So last night, I was out at a party. It was a nice party, where I got very well close to inebriated.
I realize now that often, when I look back at moments like last night, that the term "well close to inebriated" actually means "completely inebriated," point blank. But I digress.
And I digress again, by adding the fact that I was wearing my new White Pants (uh, yeah.... in 30 years, if their are archives of old blog posts admitting such things as "I wore White Pants" they will be just as bad those movies we currently watch of the '70's childhood videos of ourselves and parents - oy), for which, unbeknowenst to me, were the talk of the [ladies of the] party ( i.e., my ass looked hot in them, phew).
[Hey. Don't you love love love my excessive use of English grammatical stuff like this:;" ( )? I'm really good at it. Or bad. I can't tell anymore (should I have used a semicolon there)?]

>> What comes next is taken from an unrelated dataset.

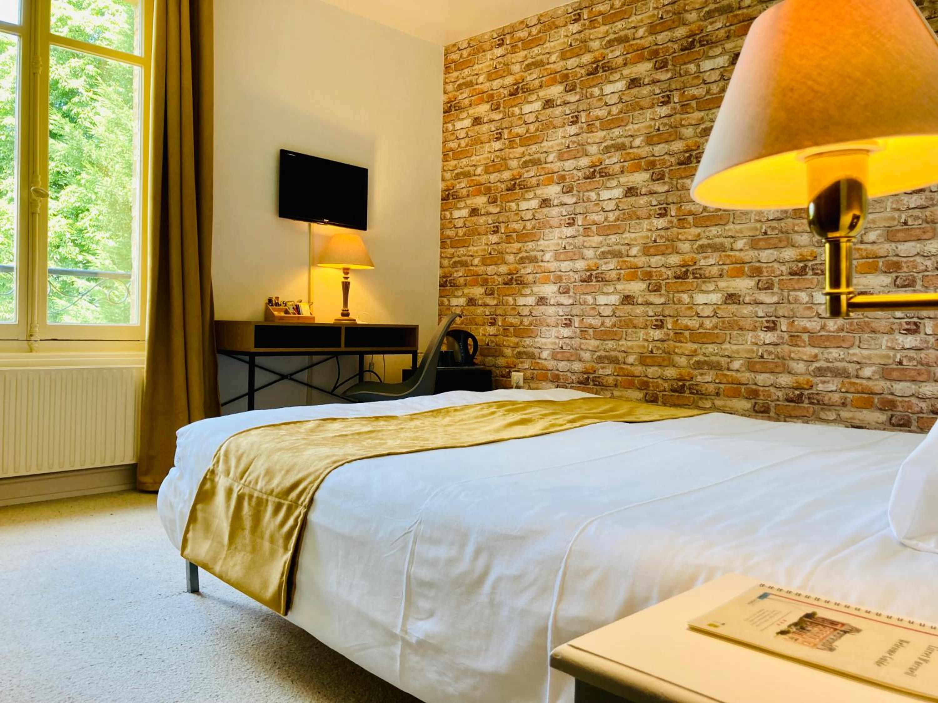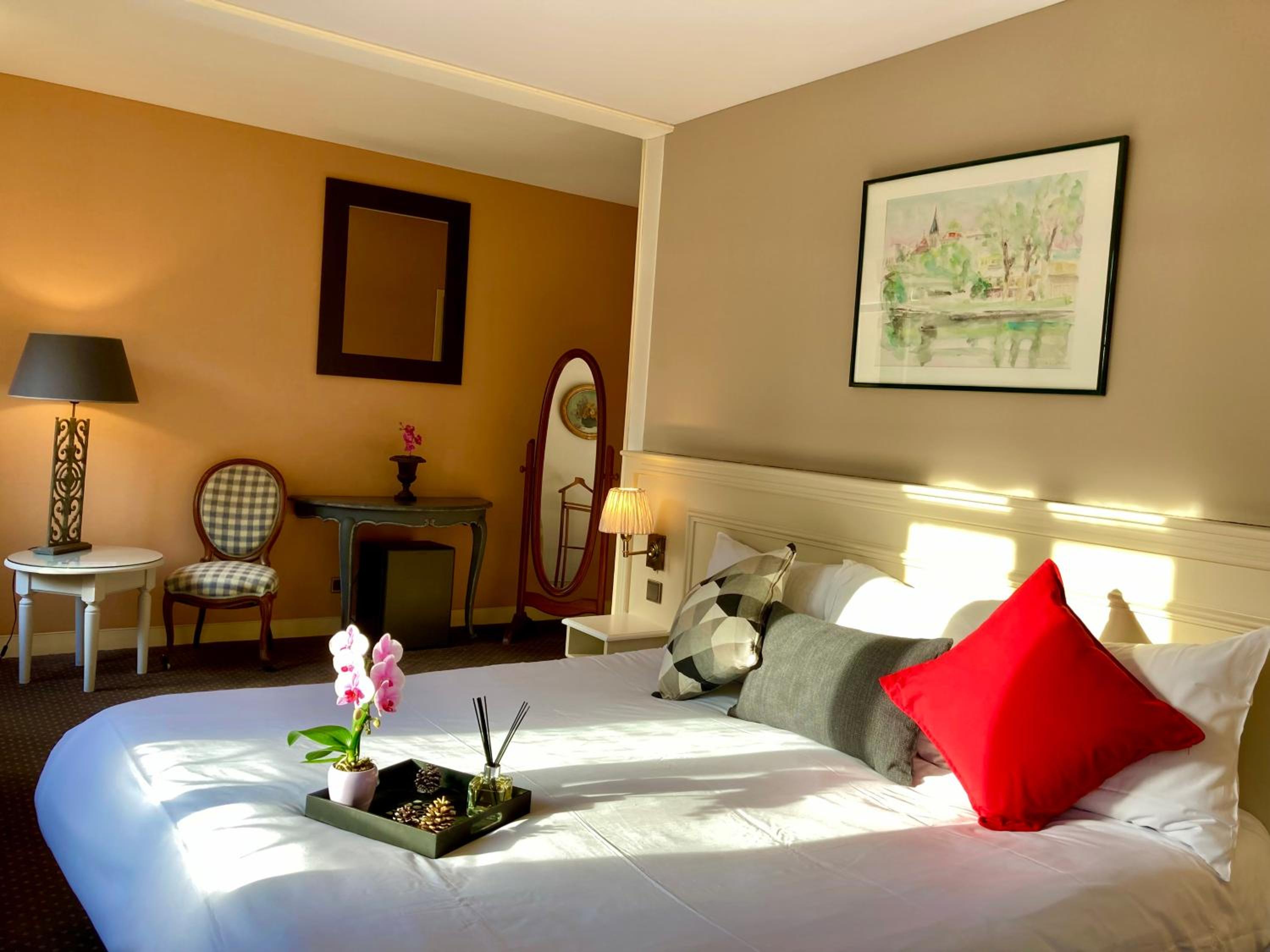 Enchanting Rooms with Scenic Views: The rooms at Chateau Corneille offer picturesque views of the garden and countryside, providing a tranquil escape for guests. Each room is elegantly furnished with modern amenities including an en suite bathroom and a flat-screen TV.

OK, Back to The Story. Now that we've got my hot white-ass White Pants out of the way, I'll get to the point. I had a little epiphany last night about the ex-boyfriend. And that epiphany is just like the title: I closed the lid but I didn't flush.
It was me who called it off. And you know what? From the view over here, it seems that I am the only one who still smells the stink of it. I didn't flush. He oozes in somehow to every fucking day of my life. I miss him, I hate him, I empathize for him. Repeat. He flushed me the minute I gave the execution order. But here I am, still holding on to the relationship and cursing what it had and what it lacked everytime I think about it. Every day still. Granted, it's less and less everyday, but it is everyday nonetheless.

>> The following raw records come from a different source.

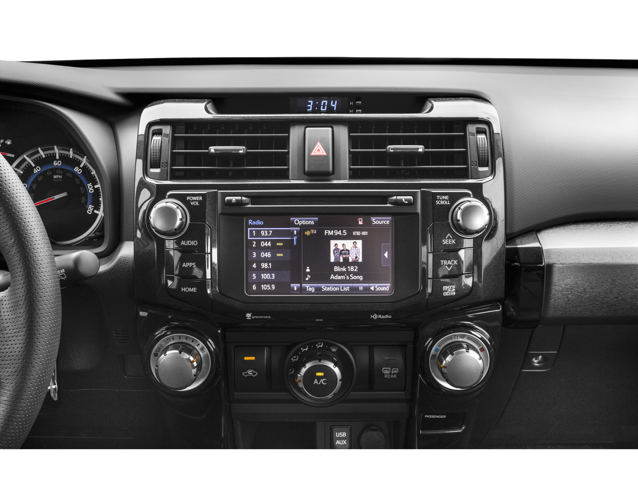 - Radio: Entune Audio Plus -inc: Entune Multimedia bundle (6.1-inch high resolution touch-screen display, AM/FM CD player, MP3/WMA playback capability, auxiliary audio jack, USB 2.0 port w/iPod connectivity and control, advanced voice recognition, hands-free phone capability, phone book access and music streaming via Bluetooth® wireless technology), SiriusXM All Access Radio w/3-month complimentary trial, HD Radio, HD traffic and weather in major metro areas, and integrated backup camera display, Entune App Suite includes Bing, Facebook Places, iHeartRadio, MovieTickets.com, OpenTable, Pandora and Yelp; real-time info including traffic, weather, fuel prices, sports and stocks Access to Entune services is complimentary for three years. See toyota.com/entune for details.
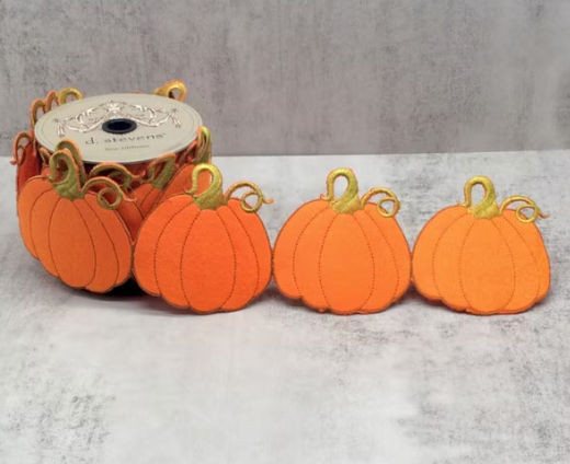 This 4-inch by 5-yard pumpkin garland ribbon features charming pumpkin shapes, perfect for adding a festive autumn touch to your decorations. Its length and width make it versatile for wrapping, crafting, or accenting seasonal displays, enhancing your fall-themed events.
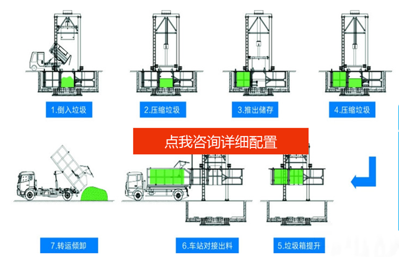 ◇設有垃圾儲存箱,適合集裝箱式散裝垃圾運輸車卸料,減少運輸費用。

I've been telling myself to flush it for months. Months! I know this post is not really Gertie-style; I'm a pretty strong woman, after all. But often times the strongest of women are weak in the most unexpected ways. And to not be able to flush, just flush! this last relationship is a really surprising thing for me to realize I cannot accomplish.
Hrrmph. That F**ker. Sticks like glue. Off! Off!